### Assignment:
Output, exactly as written, the lines below from the one that has "The village leader" through the one that has "Natura morta, 1950"; nothing else, and no pictures.

### The records:
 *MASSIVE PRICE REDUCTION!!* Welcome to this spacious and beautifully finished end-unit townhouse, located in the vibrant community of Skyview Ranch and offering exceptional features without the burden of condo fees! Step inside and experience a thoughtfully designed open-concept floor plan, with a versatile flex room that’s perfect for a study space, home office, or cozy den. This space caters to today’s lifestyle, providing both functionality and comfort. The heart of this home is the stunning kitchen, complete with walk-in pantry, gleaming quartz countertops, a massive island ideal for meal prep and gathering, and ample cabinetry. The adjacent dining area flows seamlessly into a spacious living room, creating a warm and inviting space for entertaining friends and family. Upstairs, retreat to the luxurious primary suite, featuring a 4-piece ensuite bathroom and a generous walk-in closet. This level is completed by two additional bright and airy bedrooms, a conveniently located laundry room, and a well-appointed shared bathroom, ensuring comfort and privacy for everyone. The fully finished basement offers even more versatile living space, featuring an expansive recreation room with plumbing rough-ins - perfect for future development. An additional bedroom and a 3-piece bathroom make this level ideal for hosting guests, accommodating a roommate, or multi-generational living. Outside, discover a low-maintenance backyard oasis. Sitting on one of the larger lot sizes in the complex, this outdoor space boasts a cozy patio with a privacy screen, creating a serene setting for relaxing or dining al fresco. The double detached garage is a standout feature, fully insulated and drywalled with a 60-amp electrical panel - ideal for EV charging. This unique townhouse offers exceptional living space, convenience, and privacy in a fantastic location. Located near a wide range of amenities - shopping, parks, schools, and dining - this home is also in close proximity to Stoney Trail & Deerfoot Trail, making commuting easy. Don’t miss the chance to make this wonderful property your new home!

* * *

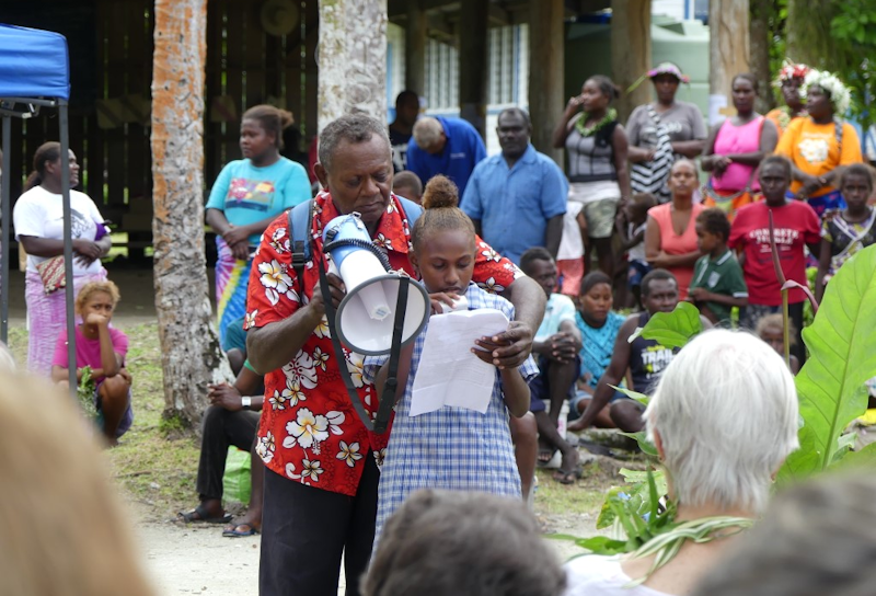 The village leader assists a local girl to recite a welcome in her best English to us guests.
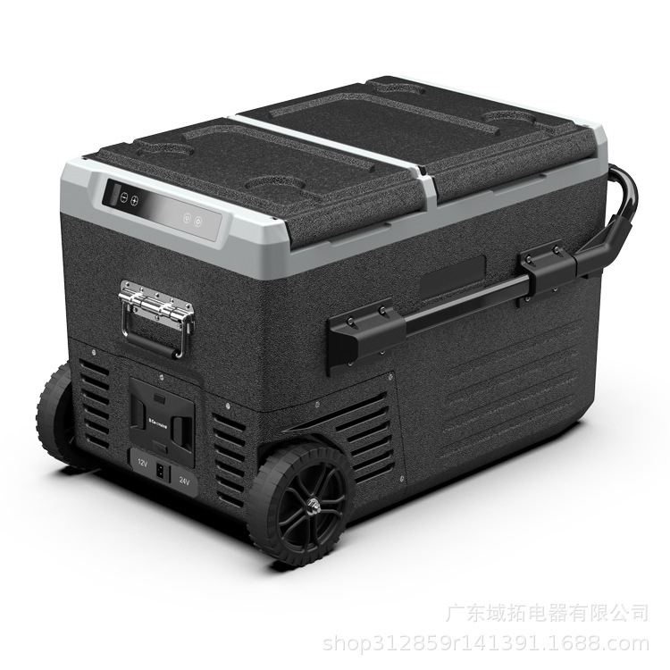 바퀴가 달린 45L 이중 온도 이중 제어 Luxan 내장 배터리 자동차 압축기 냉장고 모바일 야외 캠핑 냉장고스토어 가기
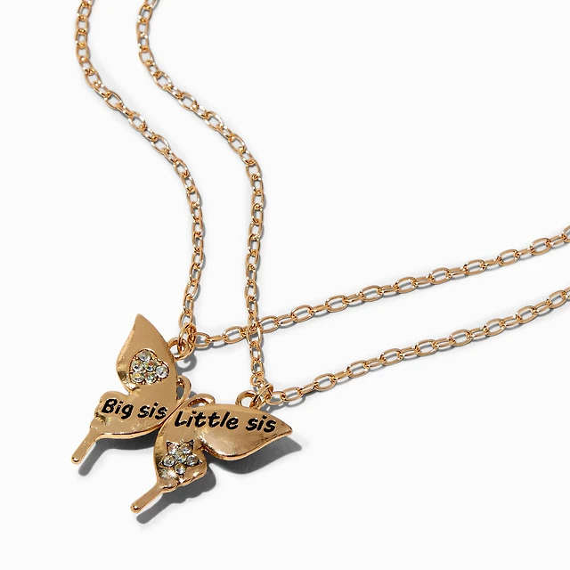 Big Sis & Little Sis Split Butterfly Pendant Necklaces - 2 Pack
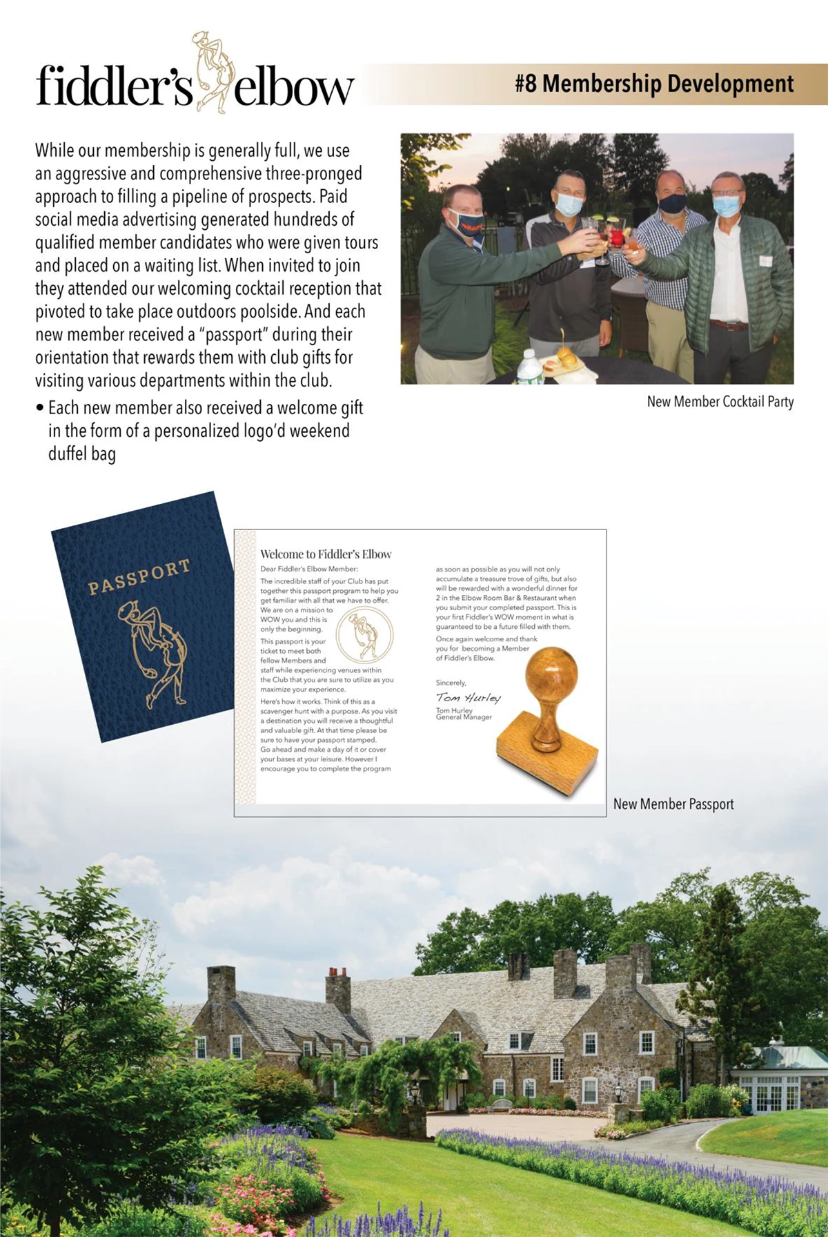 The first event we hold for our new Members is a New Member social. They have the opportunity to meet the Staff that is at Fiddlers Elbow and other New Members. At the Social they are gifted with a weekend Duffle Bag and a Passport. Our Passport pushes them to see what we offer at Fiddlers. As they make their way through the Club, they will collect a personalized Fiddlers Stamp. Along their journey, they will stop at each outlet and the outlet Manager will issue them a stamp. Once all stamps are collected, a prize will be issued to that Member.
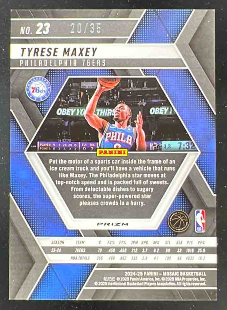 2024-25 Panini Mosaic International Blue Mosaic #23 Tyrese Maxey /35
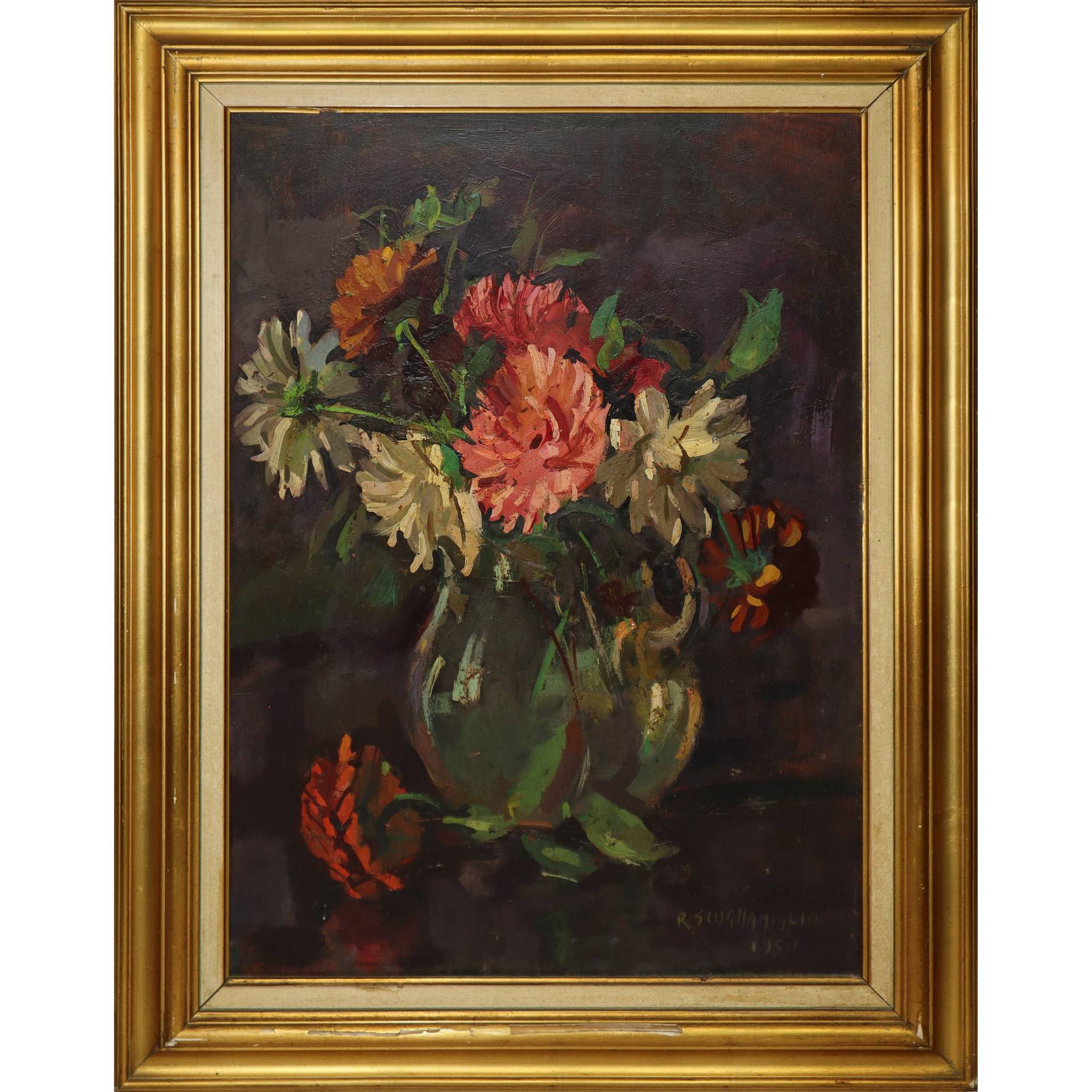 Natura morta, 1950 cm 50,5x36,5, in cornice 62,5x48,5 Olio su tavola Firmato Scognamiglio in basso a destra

---

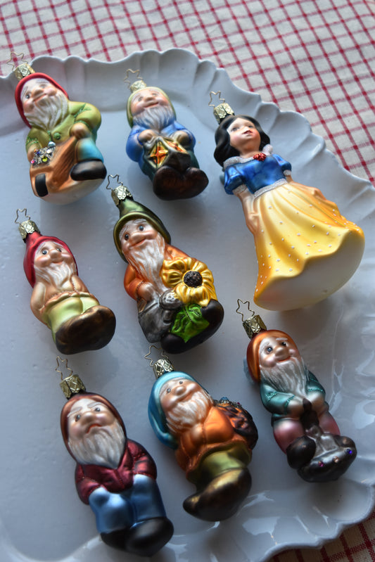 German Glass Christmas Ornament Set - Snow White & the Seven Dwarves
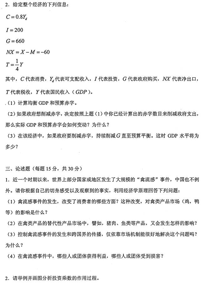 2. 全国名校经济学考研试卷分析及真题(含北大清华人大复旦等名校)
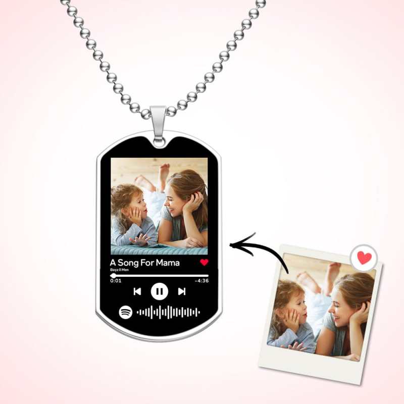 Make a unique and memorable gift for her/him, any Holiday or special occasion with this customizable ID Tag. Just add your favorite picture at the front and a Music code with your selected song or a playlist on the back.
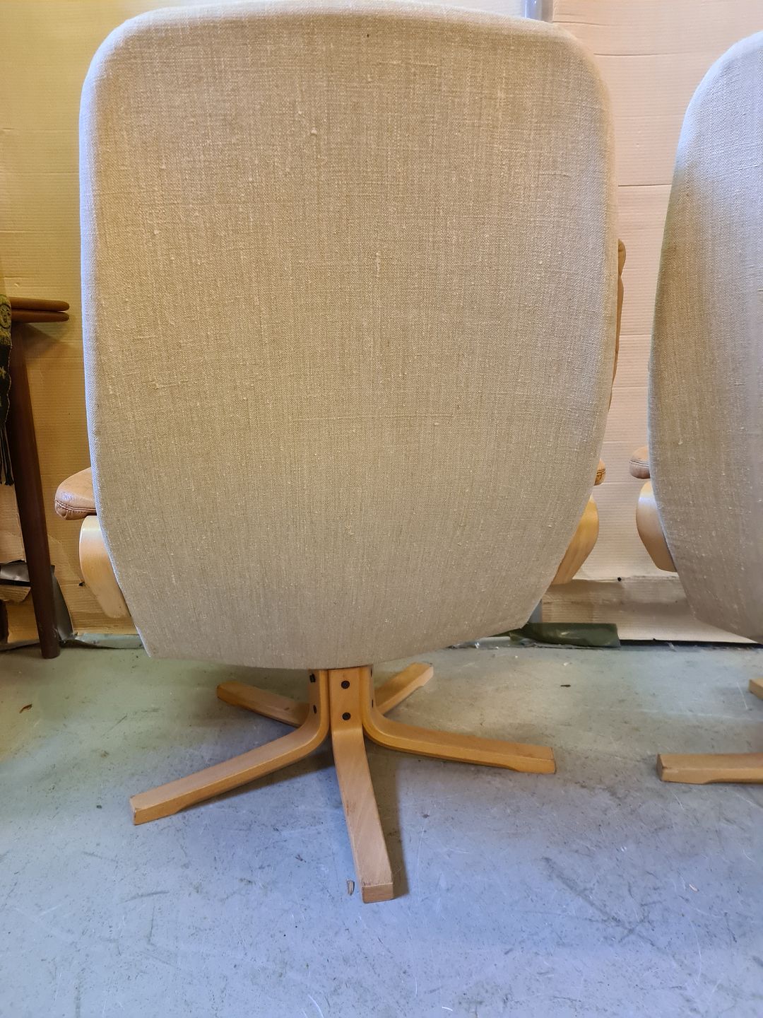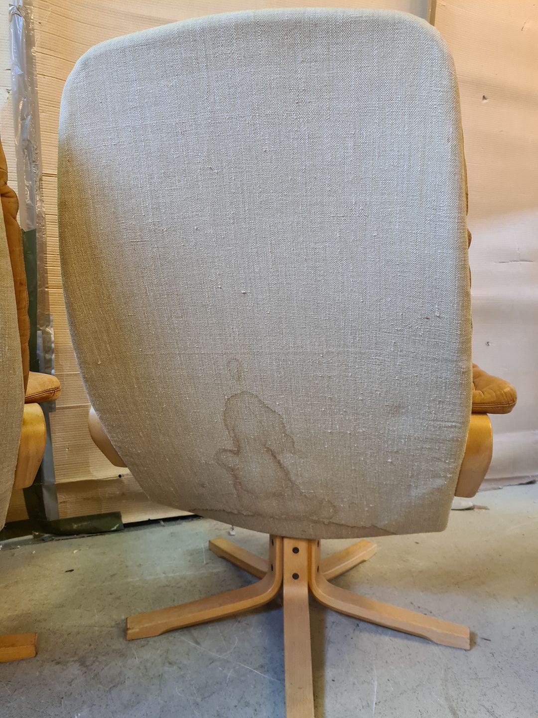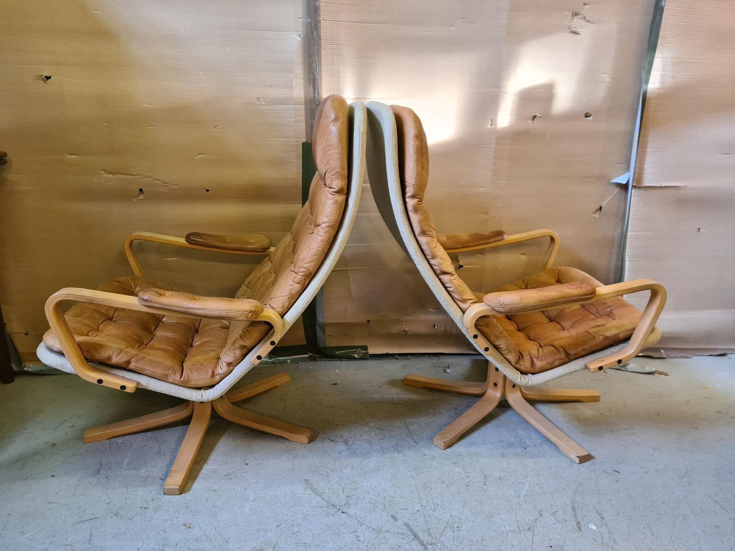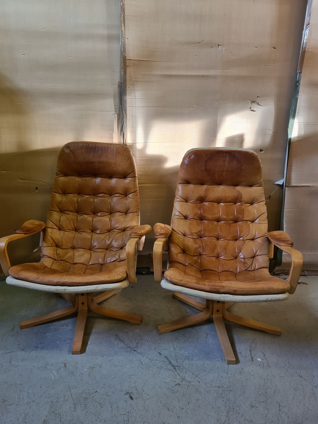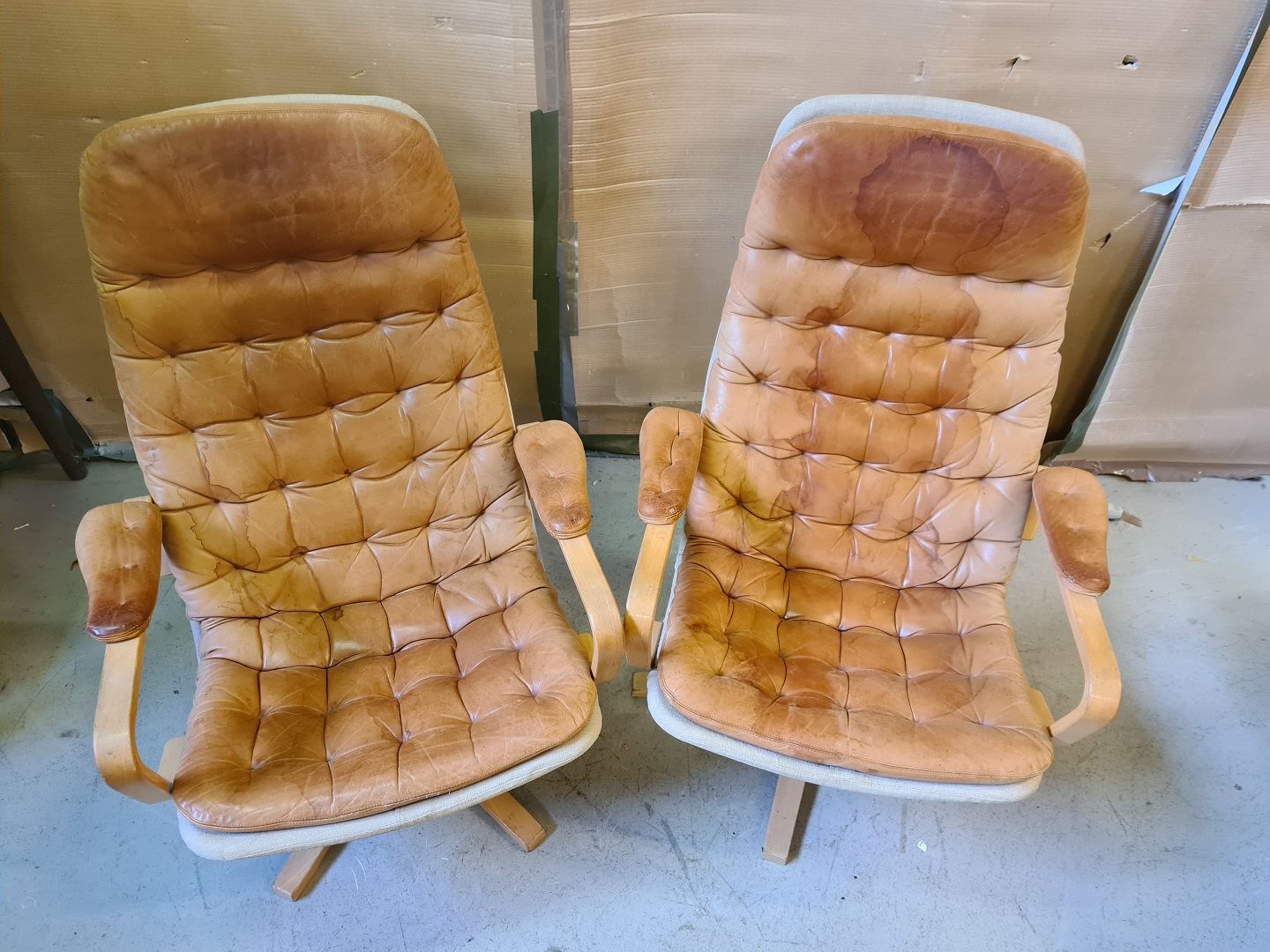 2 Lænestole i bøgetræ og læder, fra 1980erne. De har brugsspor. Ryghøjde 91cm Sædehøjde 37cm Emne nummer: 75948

### Answer to this exercise:
 The village leader assists a local girl to recite a welcome in her best English to us guests.
 바퀴가 달린 45L 이중 온도 이중 제어 Luxan 내장 배터리 자동차 압축기 냉장고 모바일 야외 캠핑 냉장고스토어 가기
 Big Sis & Little Sis Split Butterfly Pendant Necklaces - 2 Pack
 The first event we hold for our new Members is a New Member social. They have the opportunity to meet the Staff that is at Fiddlers Elbow and other New Members. At the Social they are gifted with a weekend Duffle Bag and a Passport. Our Passport pushes them to see what we offer at Fiddlers. As they make their way through the Club, they will collect a personalized Fiddlers Stamp. Along their journey, they will stop at each outlet and the outlet Manager will issue them a stamp. Once all stamps are collected, a prize will be issued to that Member.
 2024-25 Panini Mosaic International Blue Mosaic #23 Tyrese Maxey /35
 Natura morta, 1950 cm 50,5x36,5, in cornice 62,5x48,5 Olio su tavola Firmato Scognamiglio in basso a destra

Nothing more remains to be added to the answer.